I really enjoyed this interview with Lisa Graziose Corrin by Chicago Gallery News, a premier source for art happenings in Chicago. I subscribe to their email list and I’m always eager to read their weekly interviews with museum directors and gallery owners. Lisa Graziose Corrin is currently the Director of the Mary and Leigh Block Museum of Art at Northwestern University, but she was previously the Director of the Williams College Museum of Art (WCMA), which is a place dear to my heart, as I lived in Williamstown for one year and absolutely loved it.
The way she describes her connection to the Met in New York and how it’s like home to her is endearing, and her observation of Monet’s Women in the Garden reminds me why I love art as I do. When we look at art we are forced to examine what we’re looking at while keeping in mind that what we see at first glance is not necessarily the whole picture.
I remember going to the Met and seeing a small study of Monet’s Women in the Garden, which is now in the Musee d’Orsay, and seeing the shadow on the back of a train on a woman’s dress and the hundreds of shades of green and grey that composed this picture.
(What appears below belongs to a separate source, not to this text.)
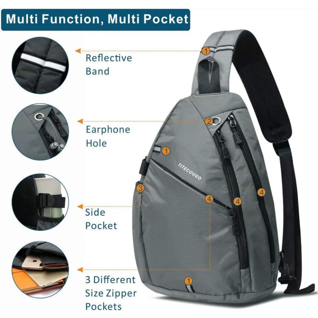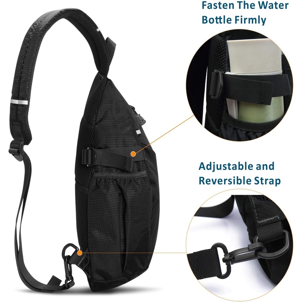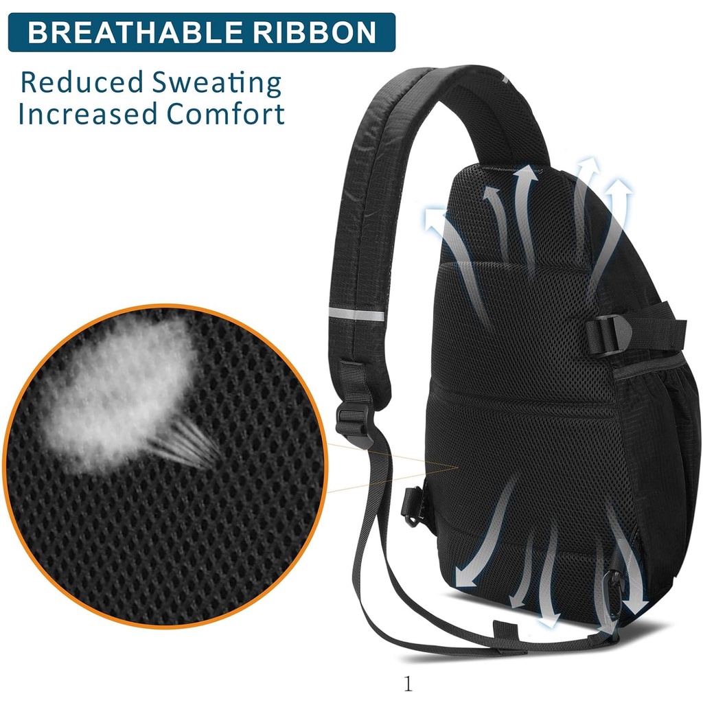 TITECOUGO Sling Backpack Travel Shoulder Bag One Strap Crossbody Bags Lightweight Chest Daypack Camp Day Packs for Women and Men Hiking Accessories Large Black

I realized Monet was not painting women’s dresses at all, he was painting the effects of light. It was like a veil had been lifted from my eyes and everything I looked at around me after that changed. I saw how art could be a window onto other ways of perceiving and understanding the world. At that moment I thought “Wow I want to be looking through those windows for the rest of my life.”
This is the passage that particularly stood out to me. I just love her insight into the art world landscape, the future of leadership within the museum field, and the way she responds to work that inspires her.